Nosferican · 2017-07-19T18:30:14Z

@gragusa I think that's a good overall scheme. The only issues I can think of at least for HC estimators is for example with HC1 or HC4 which use uses the dof value and that one differs from the one implied by size(ModelMatrix, 2). However, for fixed effects, the HC estimators are not consistent so I only allow users to specify :OLS or :PID (clustered at panels); this decision is the one implemented in Stata since Stata 12 or 13 if not mistaken. For CRVE (HC0/HC1), the code could adjust the dof by adding the ncluster - 1 to it (this would change if I implement two-way errors or allow clustering at a higher dimension in the future so is not super robust). I am not familiar with HAC for panels since people usually care more about the independence assumption and clustering is heteroscedastic, autocorrelation, and cluster robust already. Still in the extreme case that independence is valid, but heteroscedasticity and autocorrelation are present why not offer a solution for that case.

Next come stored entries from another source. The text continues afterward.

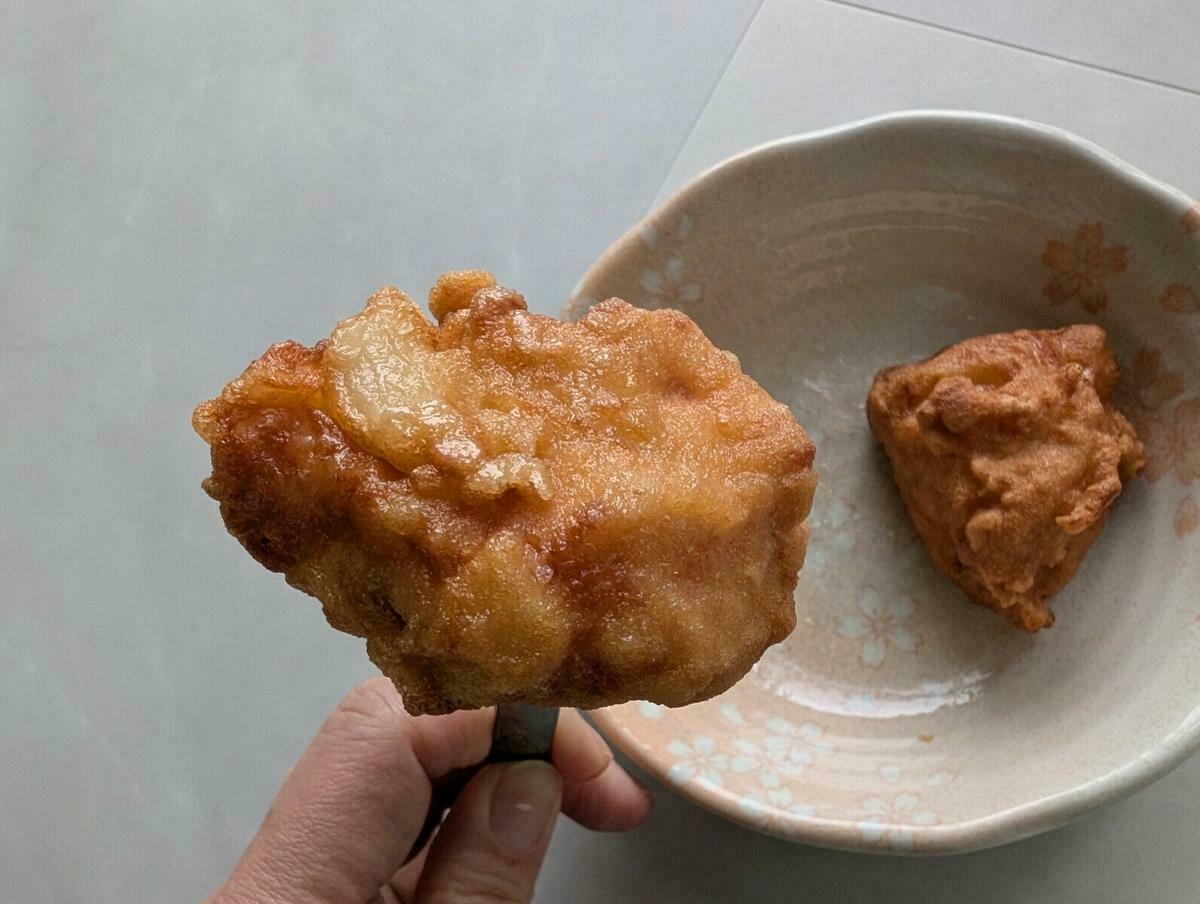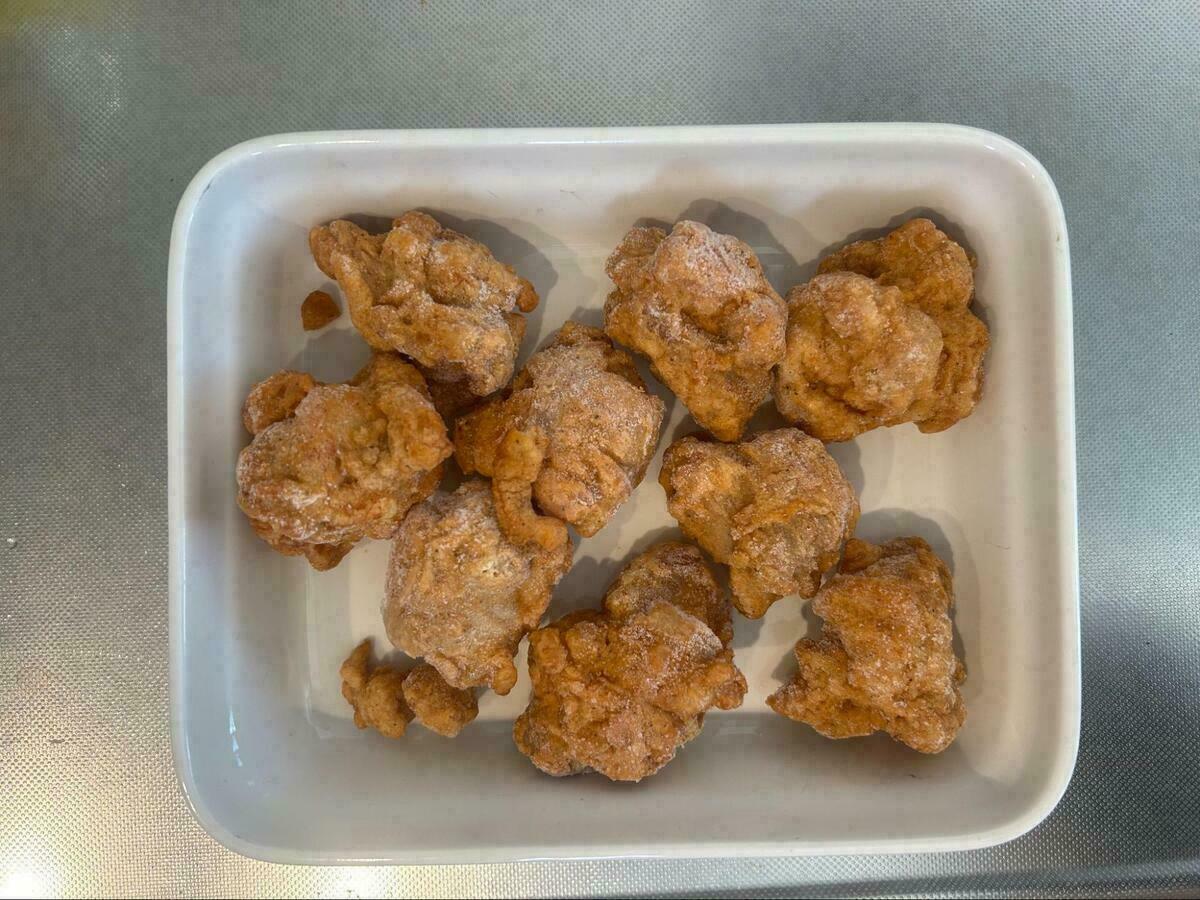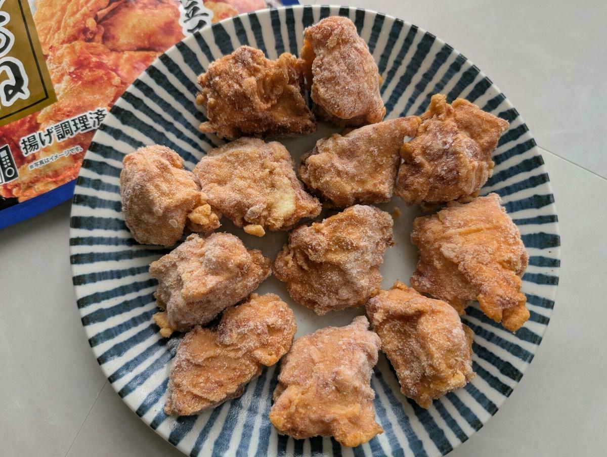 冷凍から揚げにありがちな不自然な丸みはなく、一つひとつがゴロッと大きく、まるでお店で手作りしたようなデコボコ感があります。
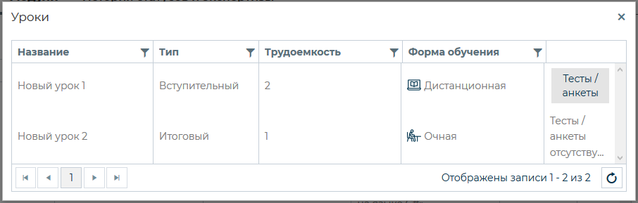 Просмотр списка уроков
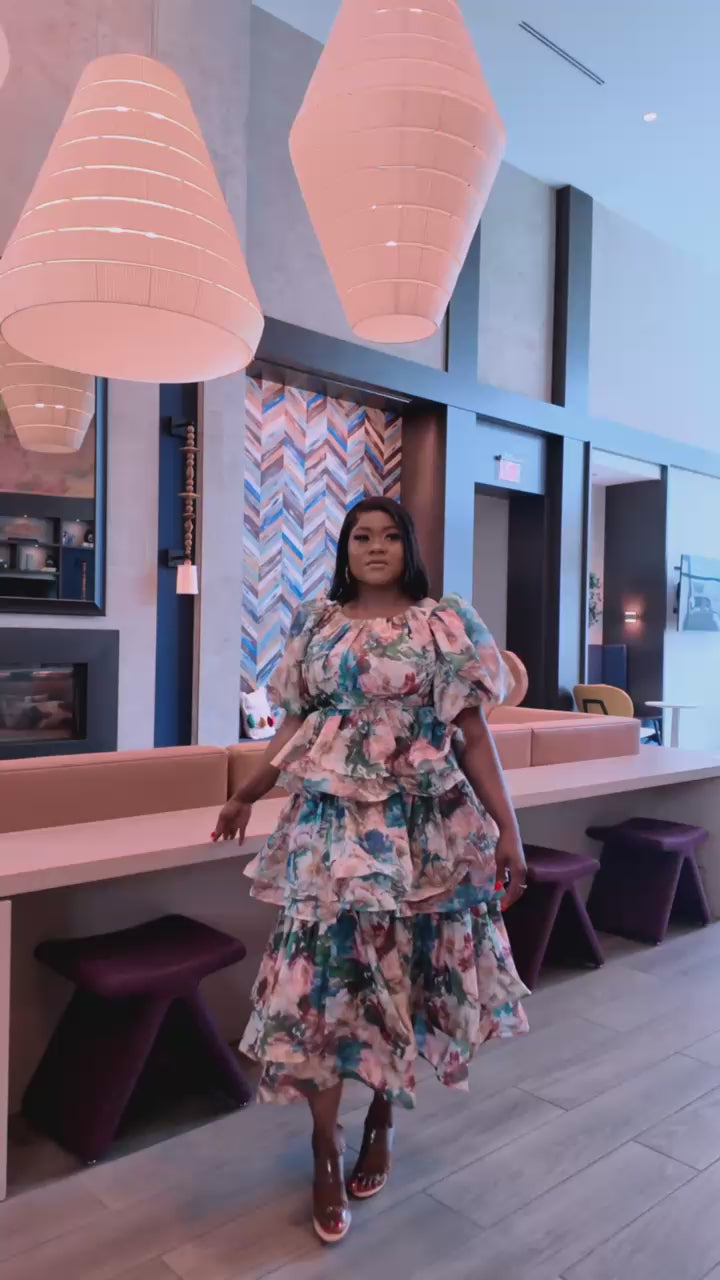 Floral Cascade Ruffle Maxi Dress
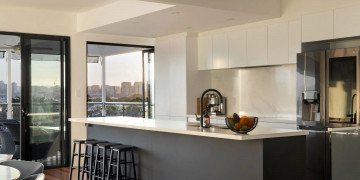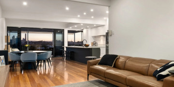 At its core, the home centres around an open-plan living and kitchen space, where expansive glazing frames the ever-changing city outlook. A newly updated kitchen with clean, contemporary finishes anchors the space, while curated King furnishings bring a refined yet relaxed aesthetic throughout.
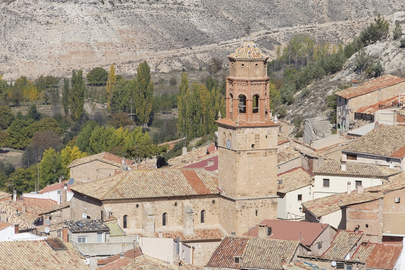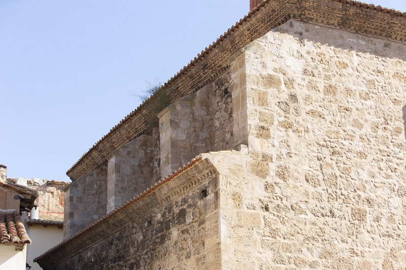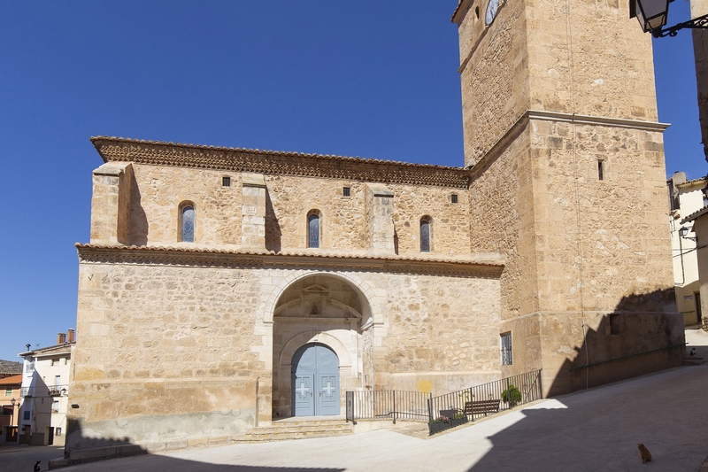El edificio cuenta con una nave en la que se abren capillas laterales de menor altura, haciéndose visible esa diferencia de volúmenes al exterior. En la parte superior de la nave, se pueden ver pequeños vanos cerrados con vidrieras, así como los contrafuertes que soportan parte de la estructura. Destaca la decoración de las cornisas de los aleros, realizada con frisos de ladrillo que forman distintos motivos geométricos, de clara influencia mudéjar, semejantes a las de Fuensanta de Villel.
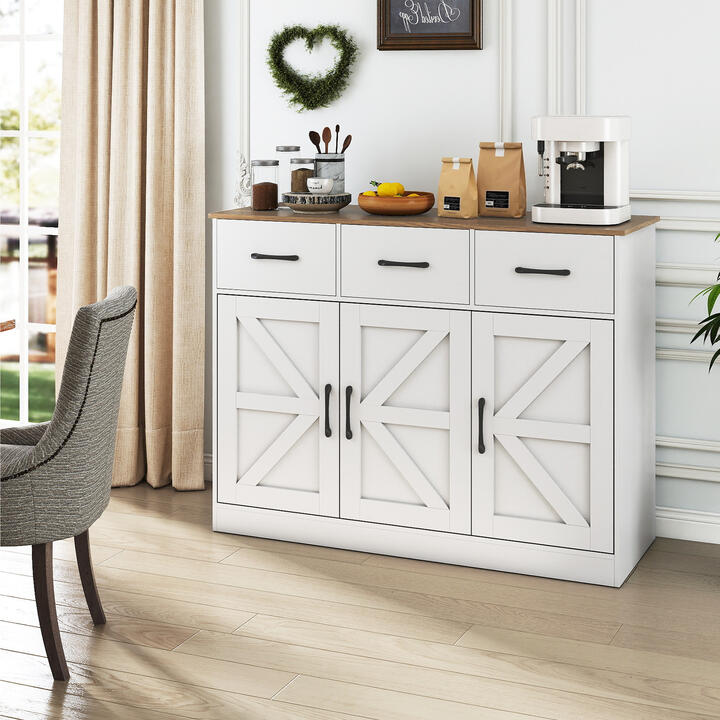 This farmhouse sideboard combines charm and practicality, offering large storage capacity with 3 handy drawers, 2 spacious cabinets, and a wide surface perfect for display or serving. Inside, 2 adjustable and removable shelves provide flexible customized storage space for different dining essentials. Safety comes first, the kitchen buffet features a reinforced base, 2 anti-tipping kits, and protective foot pads. Its timeless design brings warmth and character, making it a standout piece in any room. Whether used as extra storage in the dining area, a decorative accent in the living room, or a functional organizer by the entryway, this versatile storage cabinet adapts effortlessly to your home’s style and requirements. More well-made details await your discovery. Bullet Point: Spacious Storage Solution: Featuring a generous wide top, 3 practical drawers, and 2 enclosed cabinets, this buffet cabinet offers excellent storage versatility for your home. Its functional design keeps your space tidy and clutter-free. Customizable Adjustable Shelves: Equipped with 2 shelves that are both 5-position adjustable and easily removable, the sideboard cabinet adapts to your ever-changing storage needs and makes your storage more efficient. Enhanced Stability & Durability: Designed for safety and peace of mind, the the wood kitchen cabinet features an enlarged base and includes 2 anti-tipping kits to securely anchor the unit. Its protective foot pads also protect the floor from scratches. Timeless Rustic Farmhouse Charm: Showcasing a classic rustic farmhouse design, this coffee bar cabinet adds warmth and character to any interior. The blend of natural textures and charming details creates an inviting focal point. Versatile Multi-Scene Functionality: Whether you need extra storage in your dining room, a stylish accent in your living room, or a practical organizer for your entryway, this buffet cabinet fits perfectly in any setting. Features: Countertop, 3 drawers, 2-door cabinet, and single-door cabinet for ample storage Dual 5-level adjustable shelves to ensure flexible storage solutions 2 anti-tipping kits prevent sudden tipping over Equipped with magnetic catches to ensure enclosed storage space Metal drawer slides for smooth drawer operation Provide a comfortable grip with the metal drawer handles Protective foot pads avoid scratching the floor Designed with an enlarged base that promotes overall stability Farmhouse design makes it a centerpiece for your dining areas Note: The buffet cabinet requires assembly Specifications: Color: Rustic Brown/White & Natural Material: Engineered Wood, MDF Overall Dimensions: 42.5” x 15” x 32”/108 x 38 x 81 cm (L x W x H) Inner Size of Each Drawer: 11.5” x 11.5” x 4”/28.5 x 28.5 x 10.5 cm (L x W x H) Inner Size of Big Cabinet: 27” x 13.5” x 21”/68.5 x 34.5 x 53.5 cm (L x W x H) Size of Big Shelf: 27” x 13”/68.5 x 32.5 cm (L x W) Inner Size of Small Cabinet: 13” x 13.5” x 21”/33.5 x 34.5 x 53.5 cm (L x W x H) Size of Small Shelf: 13” x 13”/33.5 x 32.5 cm (L x W) Adjustable Shelf Spacing: 1.3”/3.2 cm Load Capacity of Cabinet Top: 100 lbs/45 kg Load Capacity of Each Drawer: 35 lbs/15 kg Load Capacity of Each Shelf: 35 lbs/15 kg Load Capacity of Each Cabinet: 45 lbs/20 kg Net Weight: 72 lbs/33 kg Box QTY: 2(May vary by batch) Is Assembly Required: Yes Package Includes: 1 x Buffet Cabinet 1 x User Guide
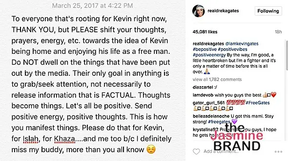 Kevin Gates’ wife, Dreka, is asking for people to send positive thoughts and vibes to her husband, rapper Kevin Gates. Over the weekend, she posted a message to social media, telling his fans to NOT dwell on the things that the media has posted about him, but focus on positive energy. See her statement below.
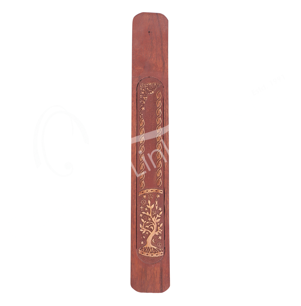 INCENSE HOLDER – ACACIA WOOD LASER ENGRAVED TREE OF LIFE (PK 3) 10″L
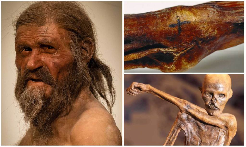 Asimismo, el famoso Ötzi, la momia neolítica encontrada en los Alpes de Ötzta, en 1991, tiene también varios tatuajes. Con una edad calculada de 5,200 años, el cadáver que se dice maldito por las extrañas muertes que hubo de sus descubridores y estudiosos, tiene 77 tatuajes en su cuerpo: 68 en la muñeca, 2 en la zona lumbar de la espalda, 5 en la pierna derecha y 2 en la izquierda.
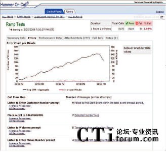 Hammer On-Call IVR測試使用各種各樣的主叫場景模擬真實世界用戶交互。通過改變呼叫量和呼叫場景的混合,Empirix測試專家可以生成指向IVR的模擬真實世界的呼叫流量。此外,在測試中,不同的呼叫測試點上可以使用不同的呼叫率。在測試過程中經常會用到三種基本呼叫模型及其變體;緶y試是使用一個恒定的低呼叫率檢驗被測環(huán)境是否已準備好接受呼叫;增量測試是使用一個固定增量穩(wěn)步增加呼叫量一直到達峰值呼叫量,然后,增加呼叫量直至超過期望值,檢驗系統(tǒng)在峰值時段內是否有額外容量;最后,‘浸透’測試是在指定的時段內使用一個恒定的高呼叫率檢驗系統(tǒng)穩(wěn)定性。
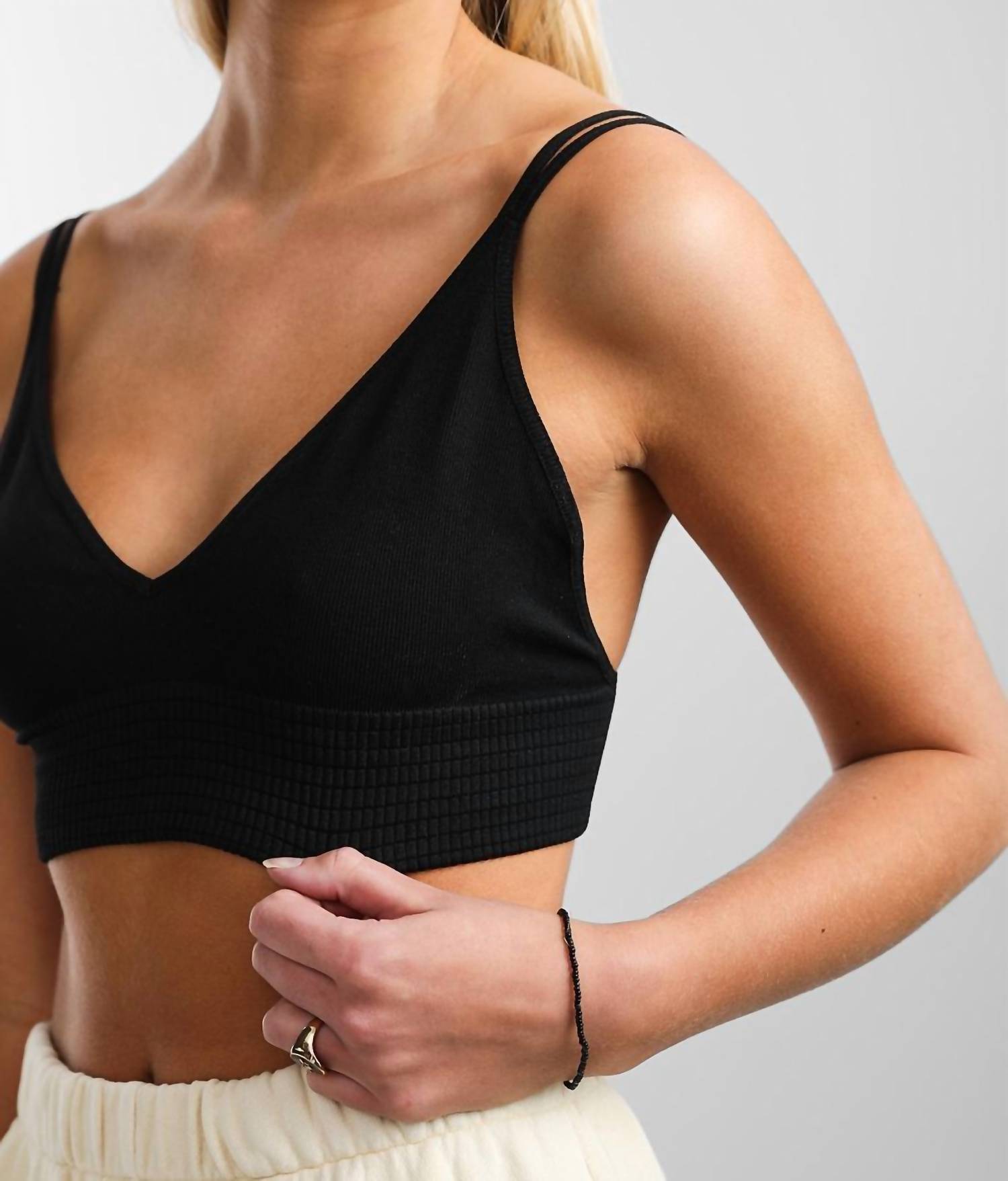 Decote em V. Alças finas duplas. Estilo pulôver. Tecido: 92% nylon e 8% elastano. Lavar à mão. A modelo tem 1,80 m e veste tamanho M/G. Fabricado nos EUA.
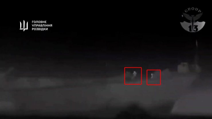 Удар с другого борта корабля приходится на отсек с силовой установкой, которая находится в последней трети корпуса. Благодаря тепловизору ее хорошо видно. После первого поражения в эту часть корпуса к кораблю направляется еще один дрон, который не только фиксирует поражения, но и увеличивает их. И, наконец, еще один БПЛА и "Цезарь Куников" фактически уже лежит на боку.
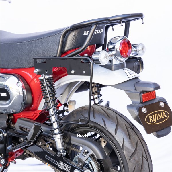 キジマバッグサポート 22年- DAX125 マットブラック 22年- ホンダ DAX125タンデムでの使用を考えると後ろ側への装着になってしまうバッグサポートをソロでの使用時におけるバランスを考慮し、前後に50mm移動させて取付できるように設計しました。サポート本体にベルト固定用のホールも設定し、確実な固定が出来るようにしました。純正タンデムグリップおよび当社製リアキャリア(210-2788)の併用が可能。スチール製ブラック仕上げ

How about adding named arguments for dof and cluster ids? Then it could work something like:

vcov(x::Matrix{Float64},
    k::RobustVariance,
    û::Vector{Float64},
    wrkwts::Vector{Float64};
    dof::Int64 = size(x,2),
    cl::Vector{UnitRange{Int64}} = map(elem -> elem:elem, 1:size(x, 1)))

Then I could make StatsBase.vcov(model::MyModel, variant = VCE) a wrapper around that? It would also work quite nicely with GLM by taking the values and then passing those to the same function.

gragusa · 2017-07-19T18:46:52Z

@Nosferican In HC4 I use _nobs(l::LinPredModel) = length(l.rr.y) you could define this for your model.

You do not need arguments if you can get dof and cl from types. As @nalimilan, this would be extremely un-julian thing to do.....

I can modify CRVE to use dof. Would this be enough?

For panel with fixed effect, HC is inconsistent, but could be corrected (and this can be done inside the API (obtain the HC and the apply the bias adjustment).

Nosferican · 2017-07-19T19:01:44Z

@gragusa dof cannot be implied from the model matrix for within estimators. The size of the model matrix will give you the incorrect model degree of freedom. The adjustment factor is the number of panels - 1 (to account for the degrees of freedom used for the group means). The clusters are also not implied from the model matrix. The alternative would be to dispatch different methods:

vcov(x::Matrix{Float64},
    k::RobustVariance,
    û::Vector{Float64},
    wrkwts::Vector{Float64})
vcov(x::Matrix{Float64},
    k::RobustVariance,
    û::Vector{Float64},
    wrkwts::Vector{Float64},
    dof::Int64)
vcov(x::Matrix{Float64},
    k::RobustVariance,
    û::Vector{Float64},
    wrkwts::Vector{Float64},
    cl::Vector{UnitRange{Int64}})
vcov(x::Matrix{Float64},
    k::RobustVariance,
    û::Vector{Float64},
    wrkwts::Vector{Float64},
    dof::Int64,
    cl::Vector{UnitRange{Int64}})

would this be the Julian-way? If such, I can adapt my code to eschew named arguments with default implied values and define different methods.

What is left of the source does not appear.